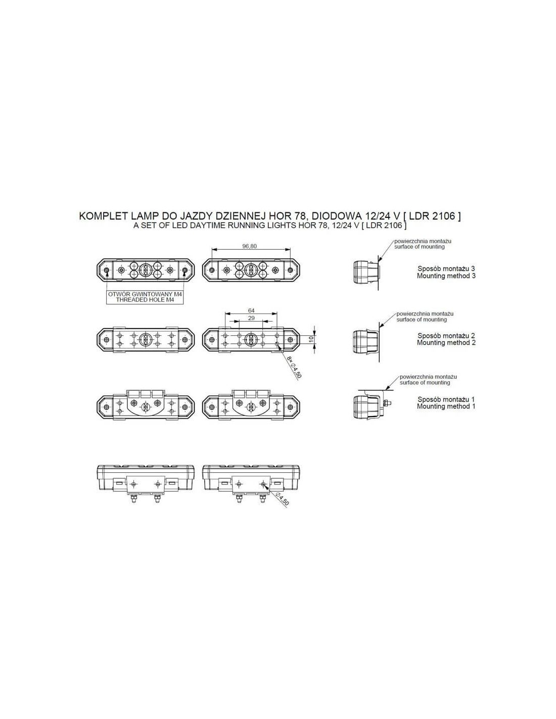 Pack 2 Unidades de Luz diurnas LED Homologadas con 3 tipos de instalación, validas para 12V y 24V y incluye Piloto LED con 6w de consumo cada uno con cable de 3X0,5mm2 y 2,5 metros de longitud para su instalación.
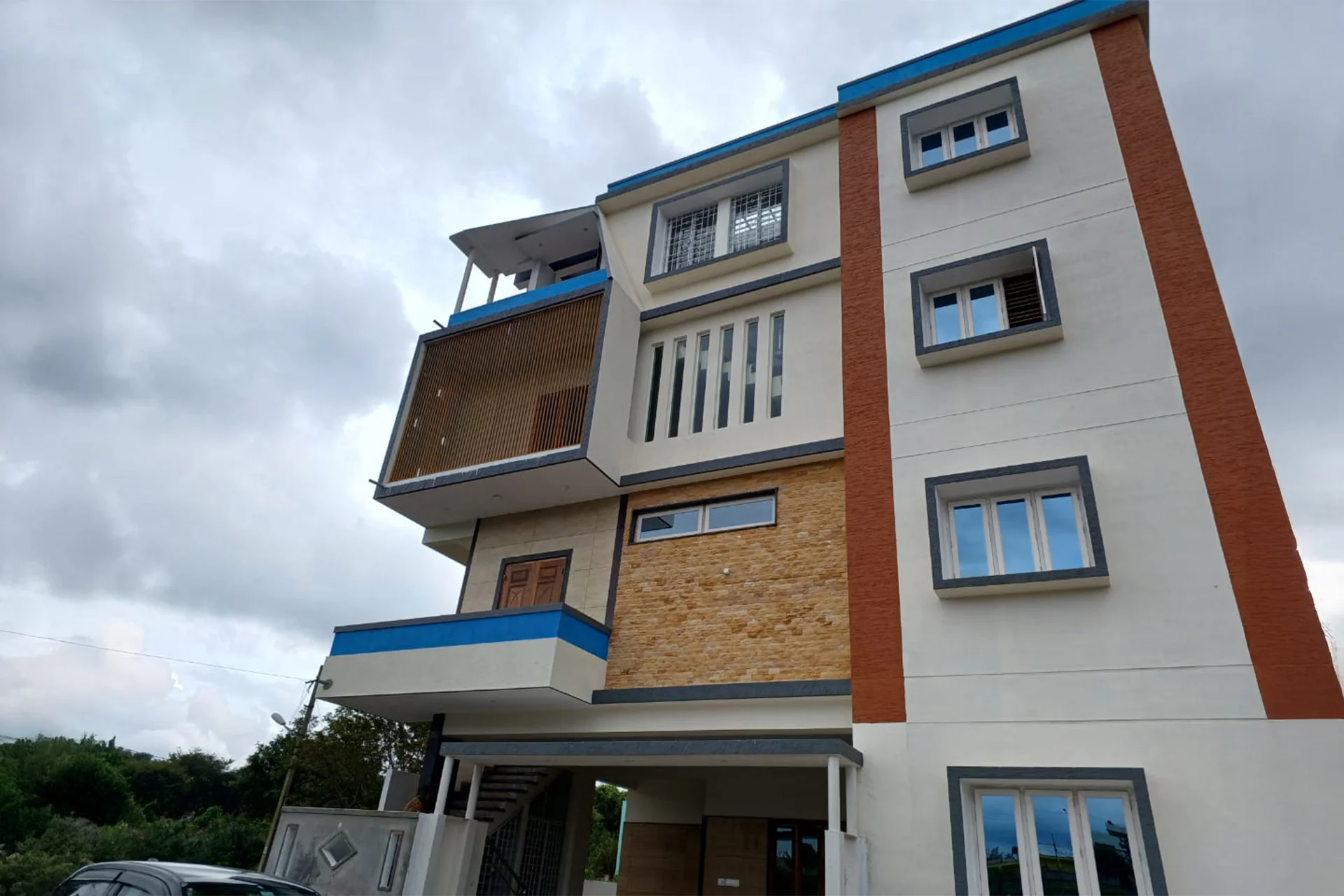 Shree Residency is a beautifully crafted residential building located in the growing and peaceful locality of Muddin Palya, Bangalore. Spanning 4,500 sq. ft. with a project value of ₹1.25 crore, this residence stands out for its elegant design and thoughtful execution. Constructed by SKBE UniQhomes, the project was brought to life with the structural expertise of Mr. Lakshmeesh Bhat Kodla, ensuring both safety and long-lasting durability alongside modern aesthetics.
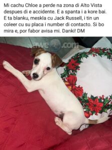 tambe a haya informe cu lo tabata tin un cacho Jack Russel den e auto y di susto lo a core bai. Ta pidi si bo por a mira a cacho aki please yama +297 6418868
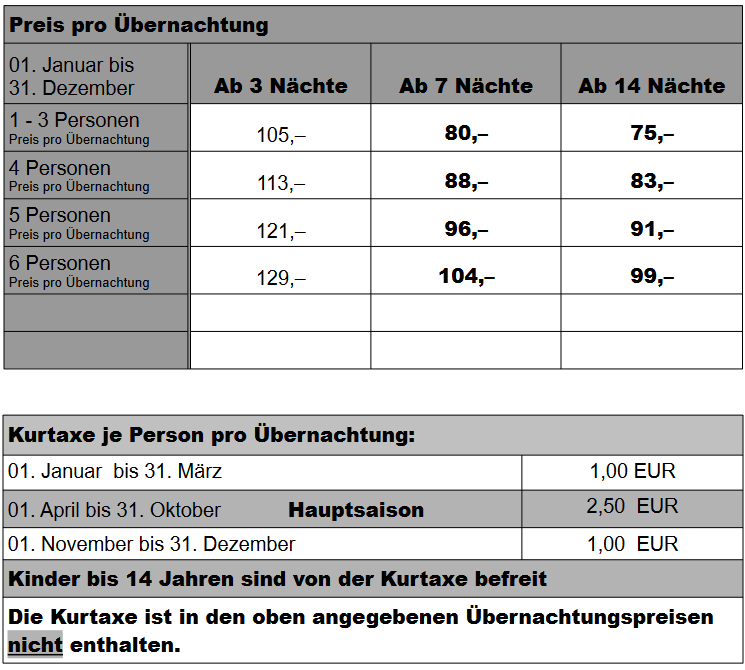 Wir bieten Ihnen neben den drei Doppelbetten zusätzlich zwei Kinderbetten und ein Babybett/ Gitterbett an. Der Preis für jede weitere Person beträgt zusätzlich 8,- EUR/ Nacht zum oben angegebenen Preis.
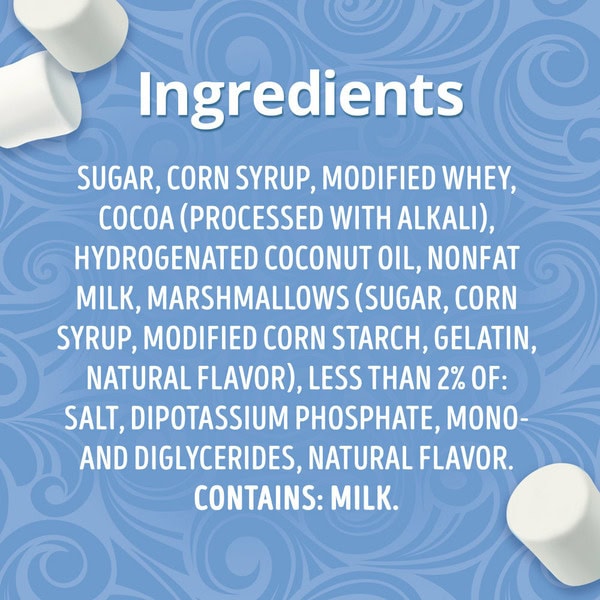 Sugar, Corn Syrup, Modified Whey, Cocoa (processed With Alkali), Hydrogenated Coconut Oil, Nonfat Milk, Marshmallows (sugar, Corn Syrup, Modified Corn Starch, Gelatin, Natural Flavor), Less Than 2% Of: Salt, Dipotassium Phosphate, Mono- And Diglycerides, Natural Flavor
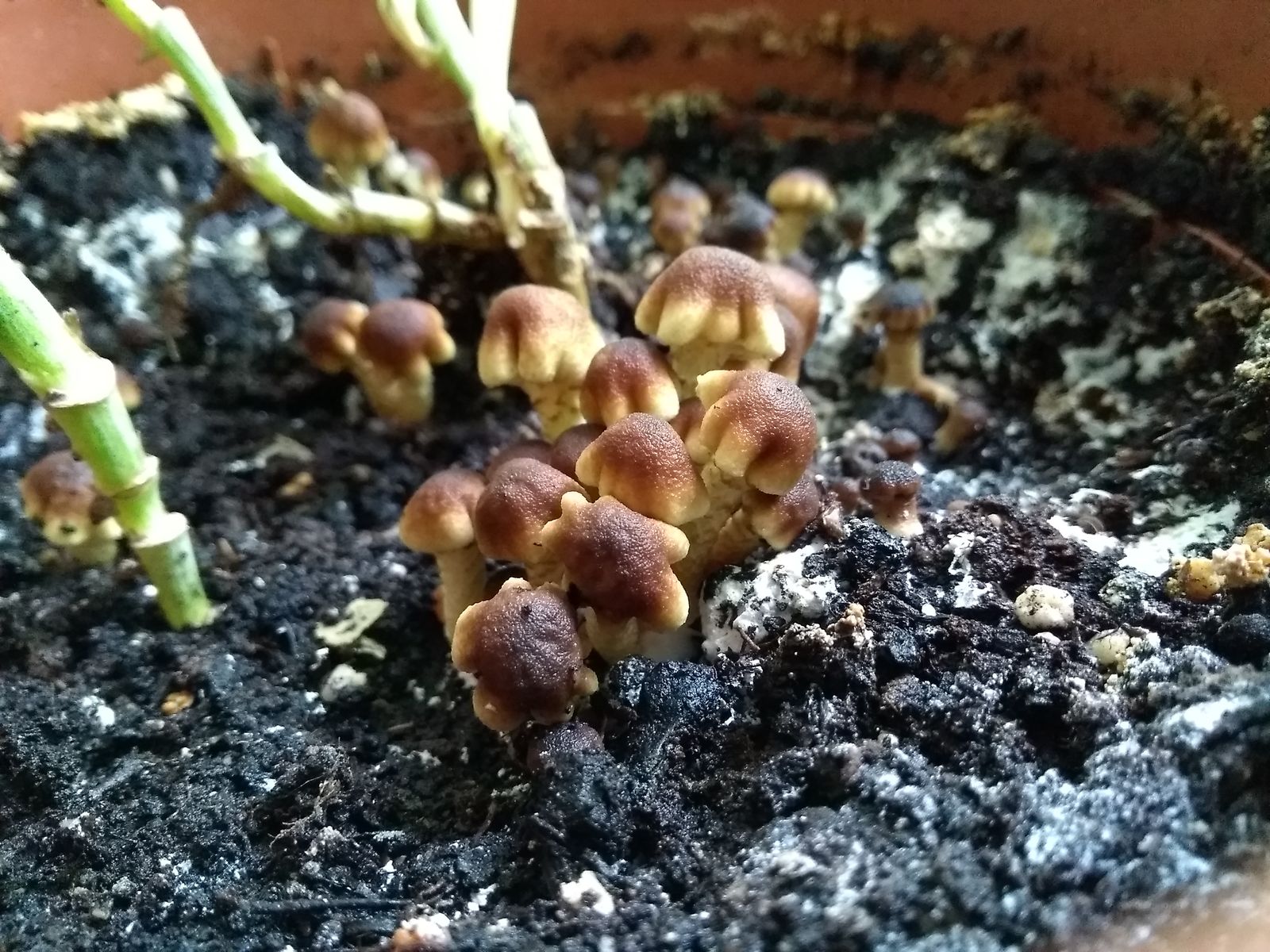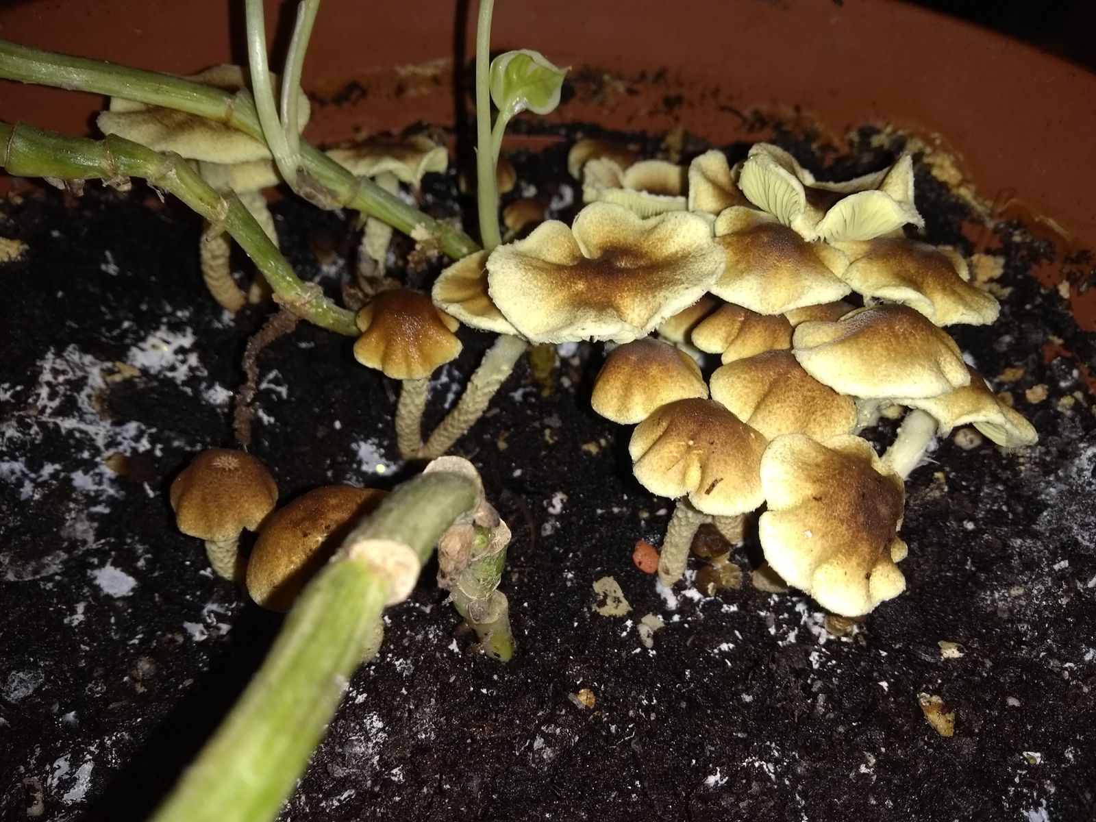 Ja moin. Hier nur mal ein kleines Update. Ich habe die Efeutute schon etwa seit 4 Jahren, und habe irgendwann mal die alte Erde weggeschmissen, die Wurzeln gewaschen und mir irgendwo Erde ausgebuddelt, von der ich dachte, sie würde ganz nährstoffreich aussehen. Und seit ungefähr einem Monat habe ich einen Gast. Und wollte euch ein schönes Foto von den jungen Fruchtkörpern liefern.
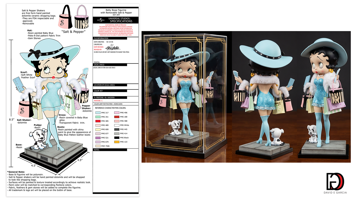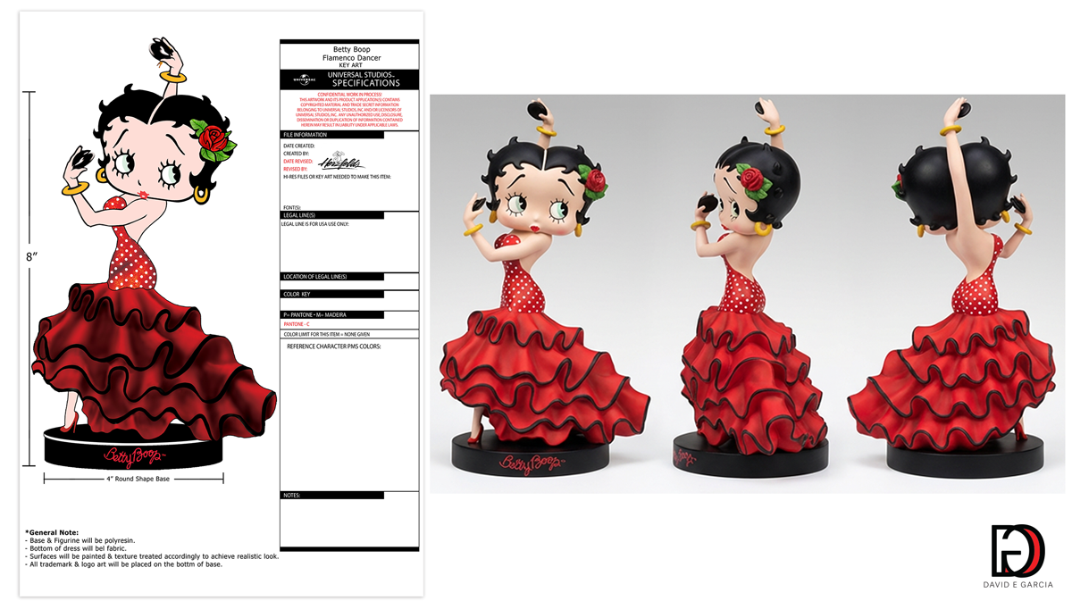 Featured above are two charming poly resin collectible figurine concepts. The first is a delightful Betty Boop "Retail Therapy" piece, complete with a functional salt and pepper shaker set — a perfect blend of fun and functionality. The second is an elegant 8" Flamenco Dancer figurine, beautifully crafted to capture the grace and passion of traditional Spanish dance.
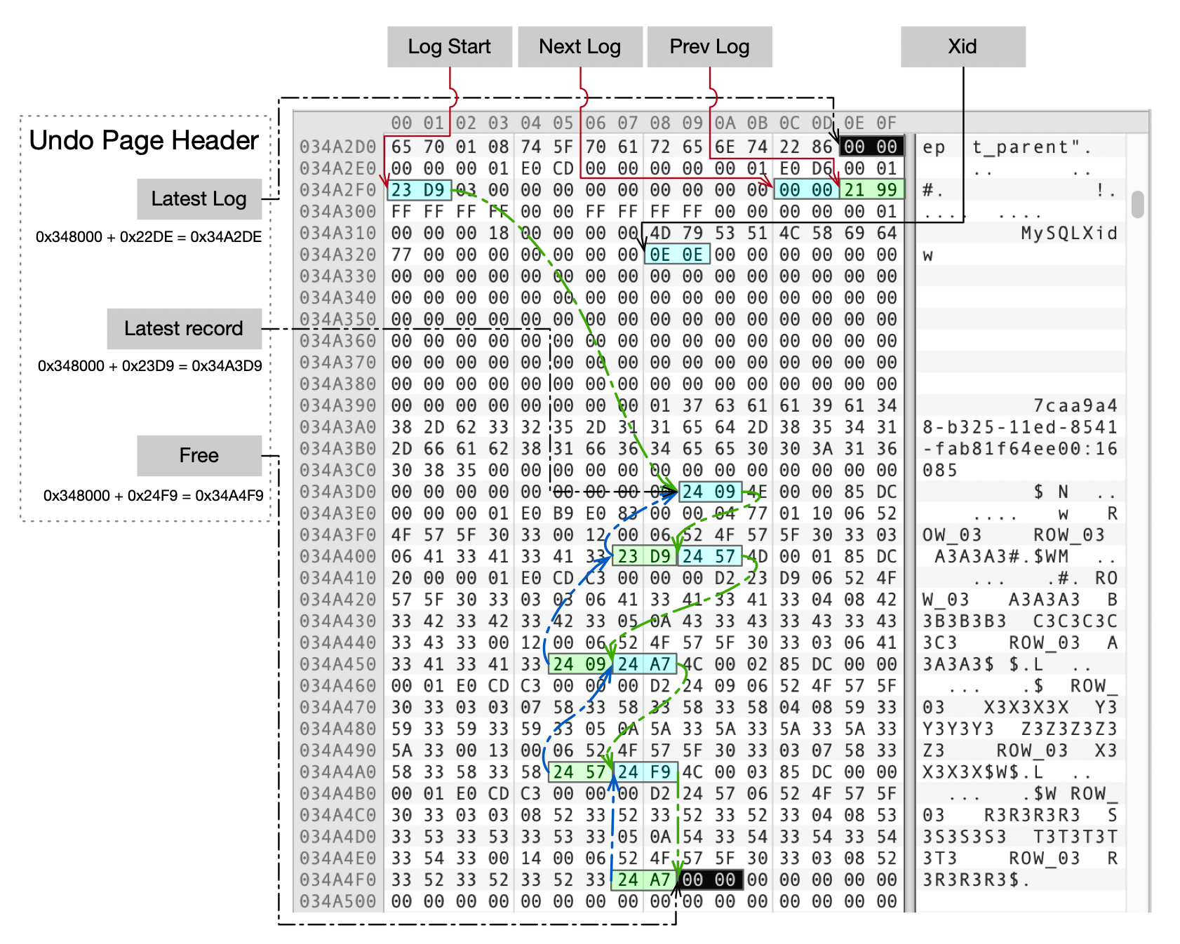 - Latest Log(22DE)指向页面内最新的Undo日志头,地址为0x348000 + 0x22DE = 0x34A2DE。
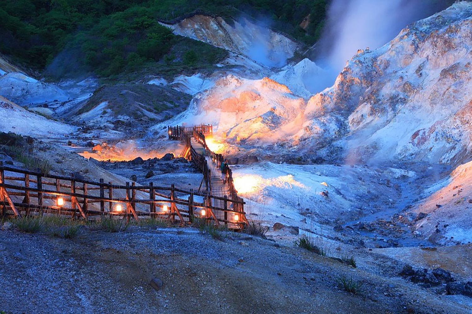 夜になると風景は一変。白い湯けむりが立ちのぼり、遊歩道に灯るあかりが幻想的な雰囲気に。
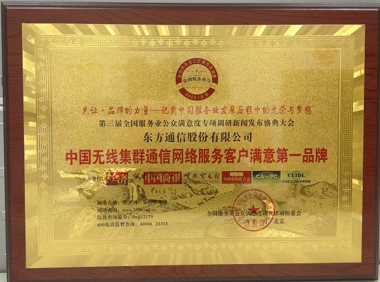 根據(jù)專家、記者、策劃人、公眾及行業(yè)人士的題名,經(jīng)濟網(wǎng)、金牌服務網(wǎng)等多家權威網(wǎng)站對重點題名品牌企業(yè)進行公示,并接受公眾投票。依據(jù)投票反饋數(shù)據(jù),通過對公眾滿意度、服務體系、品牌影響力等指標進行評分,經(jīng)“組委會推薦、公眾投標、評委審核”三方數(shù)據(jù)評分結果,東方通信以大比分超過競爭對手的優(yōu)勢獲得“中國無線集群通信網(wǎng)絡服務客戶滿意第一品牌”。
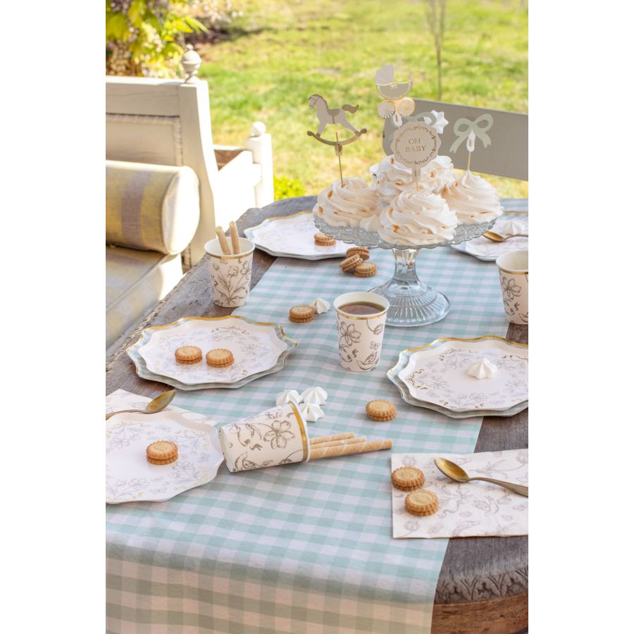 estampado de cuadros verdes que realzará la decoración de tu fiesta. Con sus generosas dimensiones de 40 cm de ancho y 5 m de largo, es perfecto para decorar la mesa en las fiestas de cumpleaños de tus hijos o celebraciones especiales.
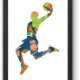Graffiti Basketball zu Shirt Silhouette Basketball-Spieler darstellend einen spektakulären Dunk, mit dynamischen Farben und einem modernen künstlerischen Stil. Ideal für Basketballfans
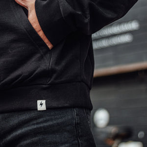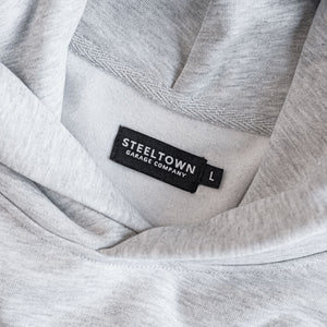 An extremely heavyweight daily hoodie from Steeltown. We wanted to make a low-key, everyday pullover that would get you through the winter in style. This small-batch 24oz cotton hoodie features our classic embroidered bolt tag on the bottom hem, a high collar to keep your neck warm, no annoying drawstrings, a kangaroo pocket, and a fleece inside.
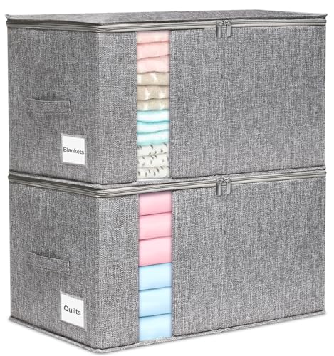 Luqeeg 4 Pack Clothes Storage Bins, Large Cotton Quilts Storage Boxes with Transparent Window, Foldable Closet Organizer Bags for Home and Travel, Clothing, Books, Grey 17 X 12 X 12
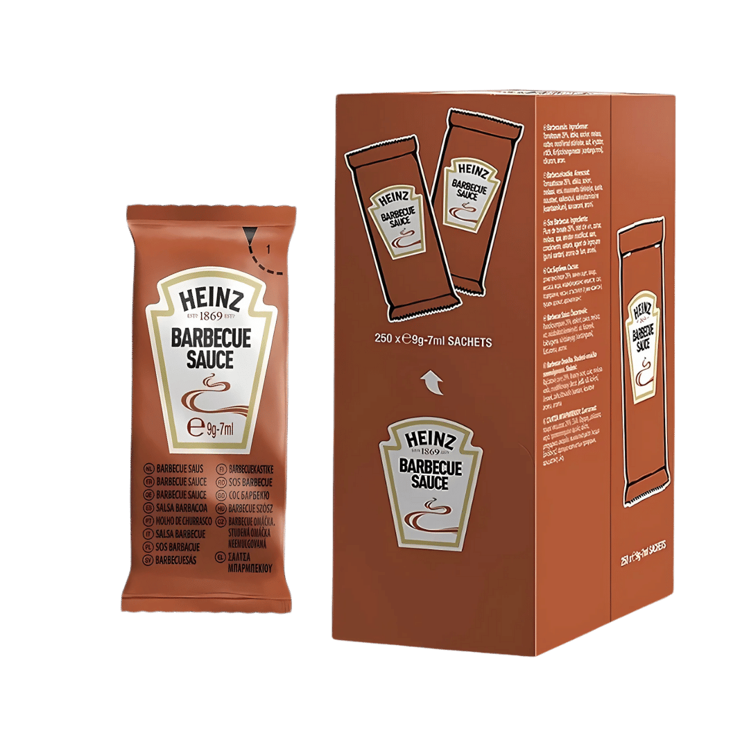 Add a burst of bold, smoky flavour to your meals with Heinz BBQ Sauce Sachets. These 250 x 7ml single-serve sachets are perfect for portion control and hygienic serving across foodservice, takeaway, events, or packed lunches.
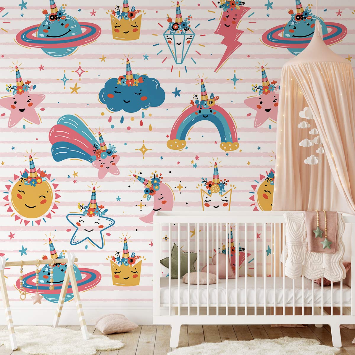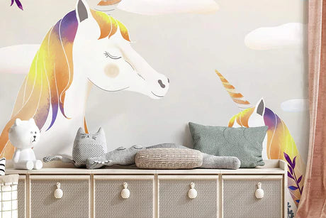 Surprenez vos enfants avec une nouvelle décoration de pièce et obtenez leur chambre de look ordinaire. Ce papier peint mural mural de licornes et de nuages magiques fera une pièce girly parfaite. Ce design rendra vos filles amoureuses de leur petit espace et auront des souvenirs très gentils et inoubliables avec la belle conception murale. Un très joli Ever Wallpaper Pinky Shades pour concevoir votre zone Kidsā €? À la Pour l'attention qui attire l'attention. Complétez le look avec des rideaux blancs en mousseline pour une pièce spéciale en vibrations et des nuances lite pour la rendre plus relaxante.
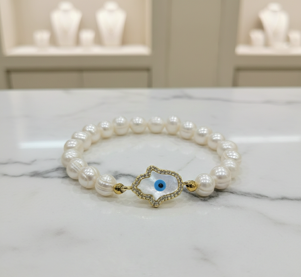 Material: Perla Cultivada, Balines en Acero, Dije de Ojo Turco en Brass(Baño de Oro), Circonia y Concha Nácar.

..............................

Exercise description: Only the lines between the one with "根據(jù)專家、記者、策劃" and the one with "Graffiti Basketball zu", those two included, get copied from the material above. Keep it exact and free of pictures.

Your solution:
 根據(jù)專家、記者、策劃人、公眾及行業(yè)人士的題名,經(jīng)濟網(wǎng)、金牌服務網(wǎng)等多家權威網(wǎng)站對重點題名品牌企業(yè)進行公示,并接受公眾投票。依據(jù)投票反饋數(shù)據(jù),通過對公眾滿意度、服務體系、品牌影響力等指標進行評分,經(jīng)“組委會推薦、公眾投標、評委審核”三方數(shù)據(jù)評分結果,東方通信以大比分超過競爭對手的優(yōu)勢獲得“中國無線集群通信網(wǎng)絡服務客戶滿意第一品牌”。
 estampado de cuadros verdes que realzará la decoración de tu fiesta. Con sus generosas dimensiones de 40 cm de ancho y 5 m de largo, es perfecto para decorar la mesa en las fiestas de cumpleaños de tus hijos o celebraciones especiales.
Graffiti Basketball zu Shirt Silhouette Basketball-Spieler darstellend einen spektakulären Dunk, mit dynamischen Farben und einem modernen künstlerischen Stil. Ideal für Basketballfans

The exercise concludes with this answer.